-- EXERCISE --
Skip the pictures. Transcribe the rest of the data below without changing a word.

-- DATA --
****
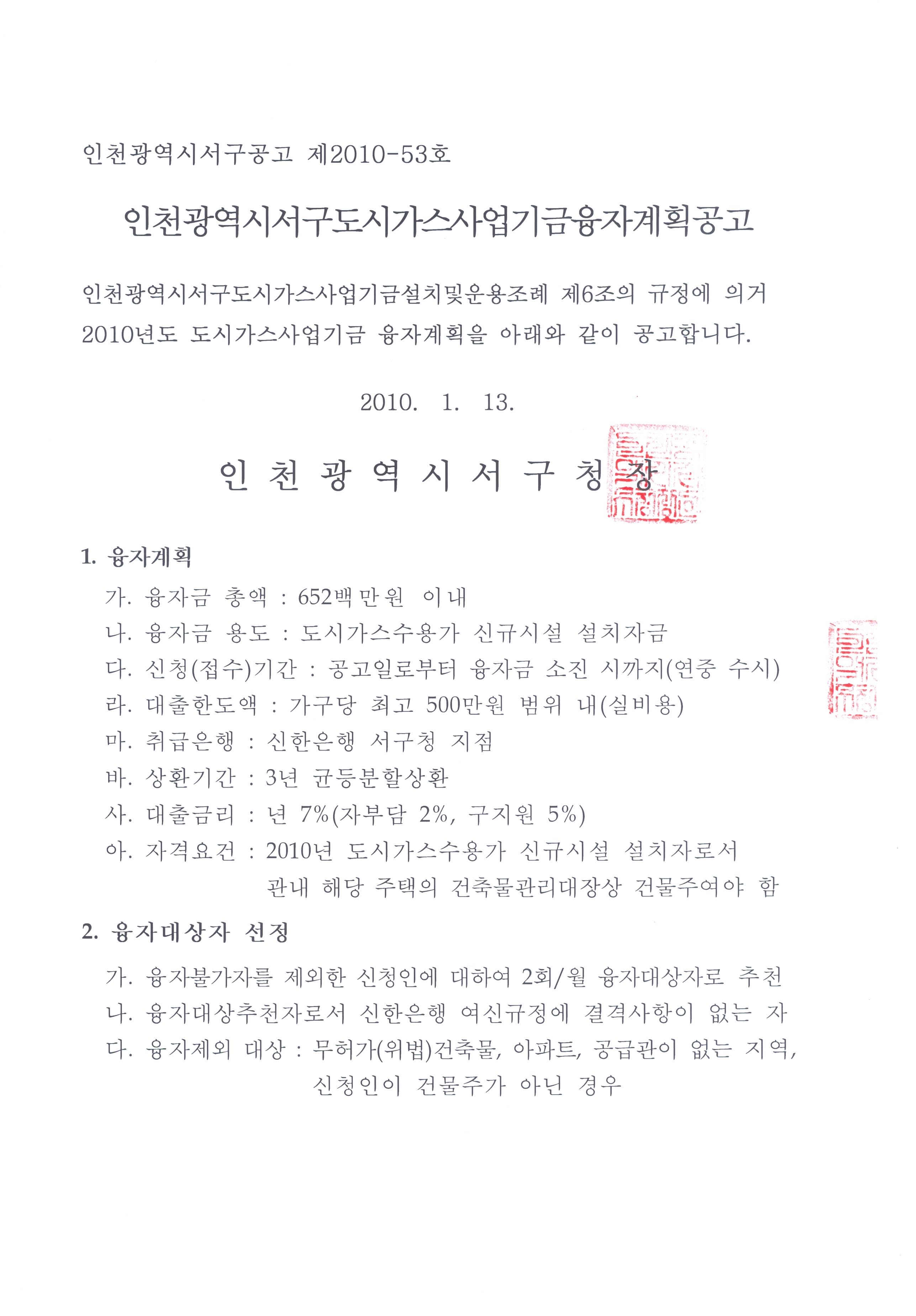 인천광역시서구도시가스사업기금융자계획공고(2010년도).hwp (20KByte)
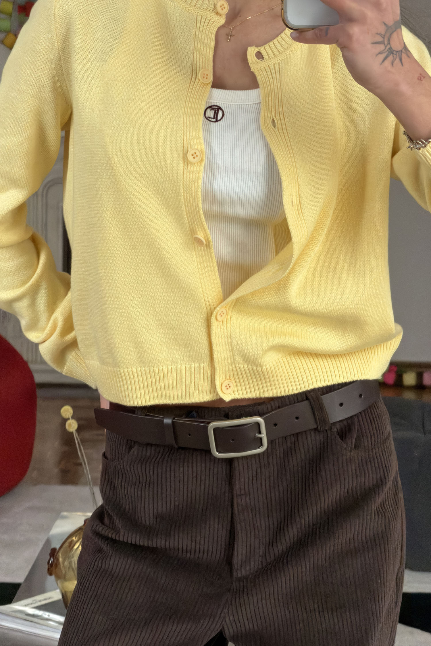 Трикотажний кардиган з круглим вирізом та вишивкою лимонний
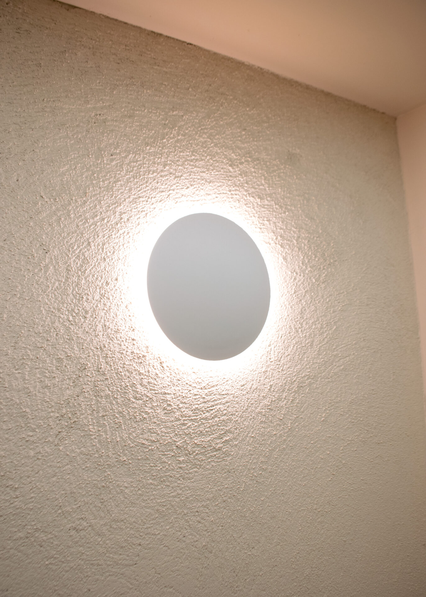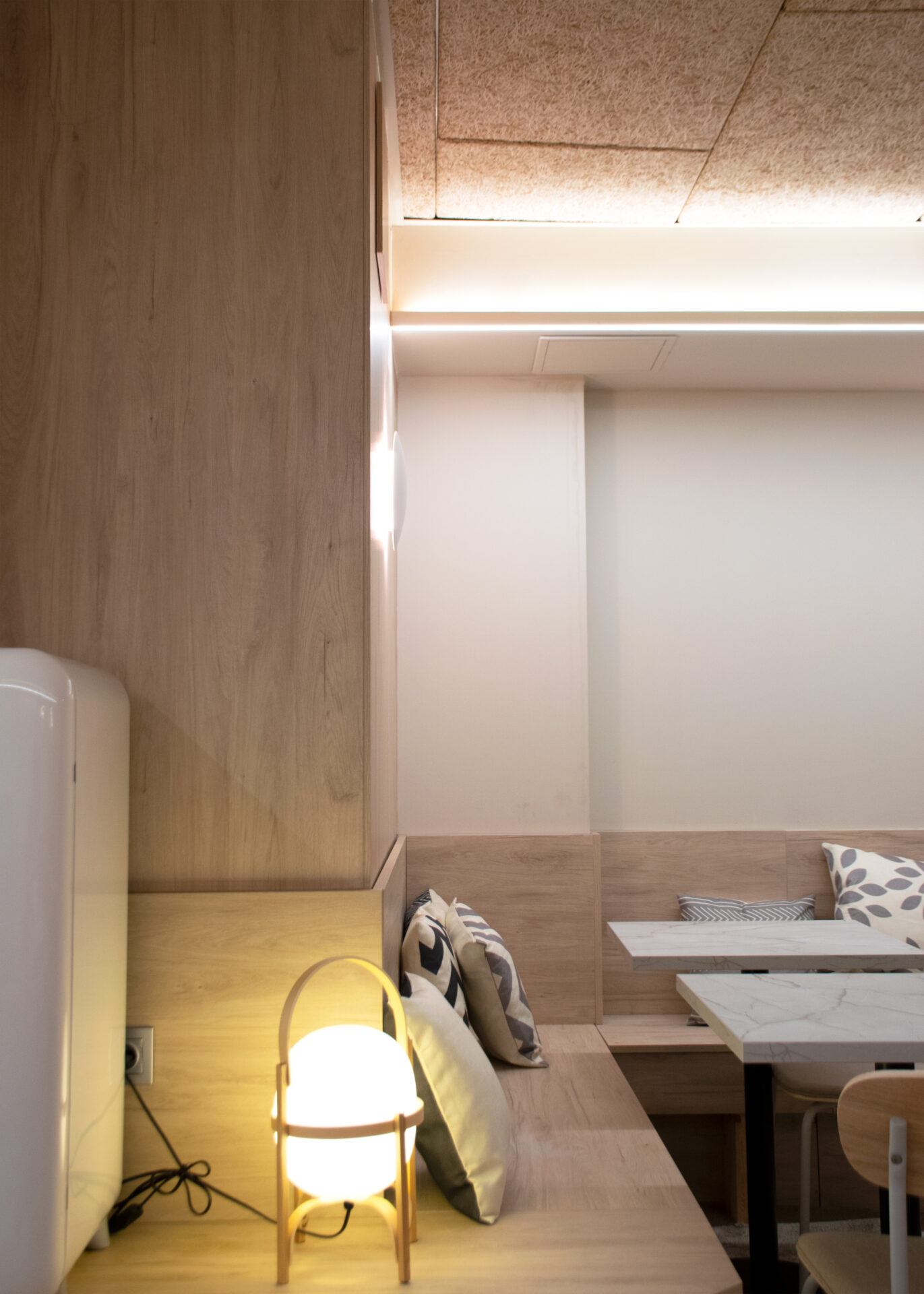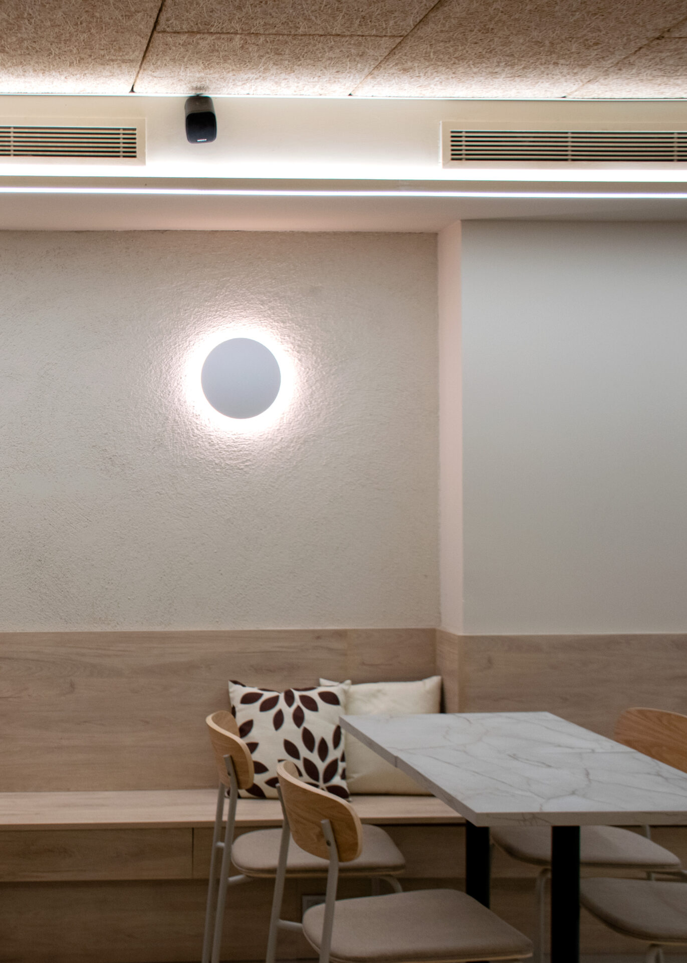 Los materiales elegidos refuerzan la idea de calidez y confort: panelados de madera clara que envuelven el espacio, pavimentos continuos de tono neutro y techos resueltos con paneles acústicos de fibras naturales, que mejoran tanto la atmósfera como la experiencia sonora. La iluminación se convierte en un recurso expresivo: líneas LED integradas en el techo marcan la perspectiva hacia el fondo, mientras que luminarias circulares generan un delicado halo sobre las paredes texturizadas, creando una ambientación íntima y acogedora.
****
-- RESULT FOR THIS TASK --
 인천광역시서구도시가스사업기금융자계획공고(2010년도).hwp (20KByte)
 Трикотажний кардиган з круглим вирізом та вишивкою лимонний
 Los materiales elegidos refuerzan la idea de calidez y confort: panelados de madera clara que envuelven el espacio, pavimentos continuos de tono neutro y techos resueltos con paneles acústicos de fibras naturales, que mejoran tanto la atmósfera como la experiencia sonora. La iluminación se convierte en un recurso expresivo: líneas LED integradas en el techo marcan la perspectiva hacia el fondo, mientras que luminarias circulares generan un delicado halo sobre las paredes texturizadas, creando una ambientación íntima y acogedora.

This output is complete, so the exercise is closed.